Well, if that wasn’t a profound question, I didn’t know what was. I grew very still as I studied the horse in front of me, who was trusting me enough not to hurt him.

“He would see that…sometimes painful stuff happens that makes you ache all over, even down to your bones,” I replied, my eyes suddenly growing misty. “But with time it’ll feel better. You just have to find your way.”

“Can you help him find his way?” Dr. Barnes asked.

“What do you mean?” My voice came out raw with emotion.

“Well, he’s been groomed by you several times now, and that’s felt good and safe. But maybe he’s ready to take the next step.”

My stomach dipped as much with fear as wariness. “What’s the next step?”

“Definitely not you riding him, so I want you to relax. I saw how you tensed up,” she said, and I chuckled because it was true. “But horses like exercise and company. It’s what keeps them moving in a pasture.”

I held my breath and waited. Did she want me to go out to the pasture with him?

“How about you walk him around the paddock?”

I glanced over my shoulder at the oval-shaped enclosure. “I’d like that.”

“Great. First you need to untie him,” she said, joining me near the fence. “Stand to the left side of him and grab the rope with your dominant hand.”

I did as she instructed, my hands trembling.

“Now it’s just you and Mercy.” She stepped back. “Use your instincts to guide him.”

It took me a minute to work up the courage. In a lot of ways, Mercy was just like me. He only wanted gentle hands—okay, maybe a firm hand sometimes too. I willed away the heat from my cheeks.

“C’mon, boy.” When I stepped forward, I thought he was going to resist, but he didn’t. We walked side by side, staying in tune with one another as we went around the curves.

“That’s it. You’re doing great,” Dr. Barnes said as I lost myself in leading him. It felt exhilarating, even though it was only a stupid walk around a paddock.

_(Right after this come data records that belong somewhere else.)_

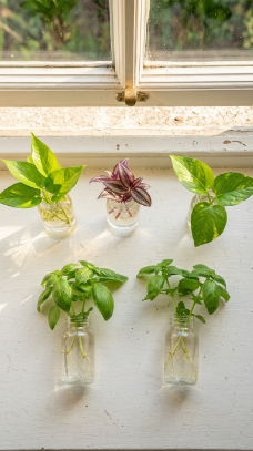Snip a 4–6 inch cutting just below a leaf node from healthy plants like pothos, tradescantia, basil, succulents, or begonias. Pop it in a glass of water or moist perlite and put it in a bright spot. In 2–3 weeks: new roots, new plant, zero cost.
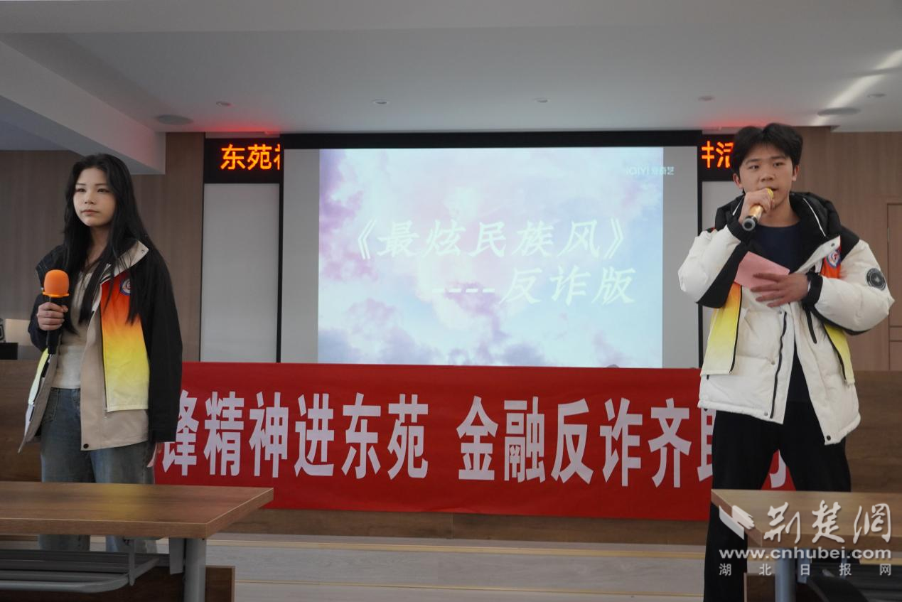 9時整,由湖北工程學院宣講隊帶來的《最炫民族風——反詐版》節(jié)目在激昂的旋律中開始了,為活動拉開序幕。節(jié)目結束之后,志愿者們還帶領居民們學習了《防電詐小口訣》,通過播放提前準備好的反詐PPT,展示經典詐騙案例與新型詐騙案例,披露詐騙常用話術,傳授應對詐騙的知識,幫助社區(qū)居民筑牢反詐“防護網”,守好“錢袋子”。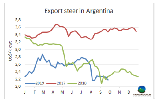 在阿根廷的出口目的地中,中國(guó)不可撼動(dòng)的地位日益突出。2019年1月至8月,中國(guó)采購(gòu)牛肉233757噸,是2018年前八個(gè)月采購(gòu)量的兩倍,占阿根廷牛肉總出口量的72.6%。這一采購(gòu)量是采購(gòu)量排名第二國(guó)家智利的9倍,智利在此期間采購(gòu)量20716噸。以色列和德國(guó)排在3、4位,分別占出口總量的5.4%和5.0%,俄羅斯遠(yuǎn)居其后,占出口總量的2.6%。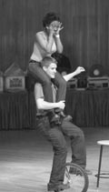 Sinbad the Juggler takes an audience member on a unicycle ride during last Saturday night’s Comedy Collage.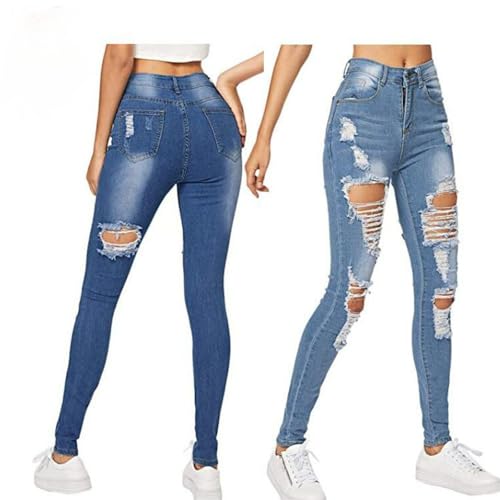 More information about Women's Mid Rise Skinny Stretch Ripped Jeans Mid Waisted Destroyed Sexy Tight Denim Pants
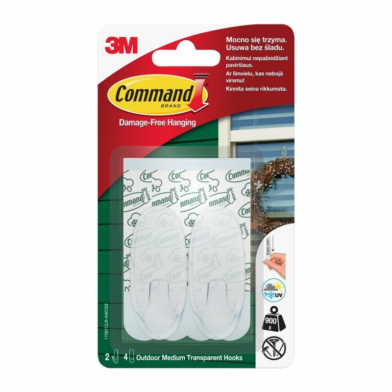 Dzięki łącznej liczbie 4 średnich haczyków w opakowaniu, można łatwo rozłożyć udźwig na kilka przedmiotów i zapewnić im stabilne zawieszenie. Transparentne tworzywo sztuczne doskonale komponuje się z różnymi kolorami ścian i nie rzuca się w oczy. Haczyki Command są niezwykle łatwe w użyciu - wystarczy odtłuścić powierzchnię, przykleić pasek do haczyka, usunąć zabezpieczenie i przymocować do ściany, delikatnie dociskając przez kilkadziesiąt sekund. Odpowiednie do zastosowania na różnorodnych powierzchniach, od szkła po pomalowane drewno, gwarantują trwałe i bezpieczne zawieszenie przedmiotów.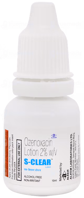 S-Clear Lotion belongs to the quinolone group of antimicrobials. It penetrates bacterial cells and blocks enzymes needed for DNA replication, thereby halting bacterial growth and preventing further spread of infection.

After our third time, I led him back toward the fence, where Dr. Barnes helped me tie him up again. I couldn’t keep the grin off my face, just like those couple of times I’d watched Ainsley from afar in her sessions. It was a feeling of accomplishment, sure. But also something way bigger—deeper—than that.

I sobered as I considered asking a question that had been bugging me for days.

“What will happen to Mercy after I’m gone? I mean, I know he’s in a safe place. I just wondered—”

“You helped lay the groundwork for him to trust others.” She patted my shoulder. “You’ll always have a special bond.”

That didn’t sit right with me, I decided, after we ended our session and I walked back to work at the silo. I almost wished I hadn’t started anything with Mercy in the first place because I realized now how much I would miss him. Kerry too.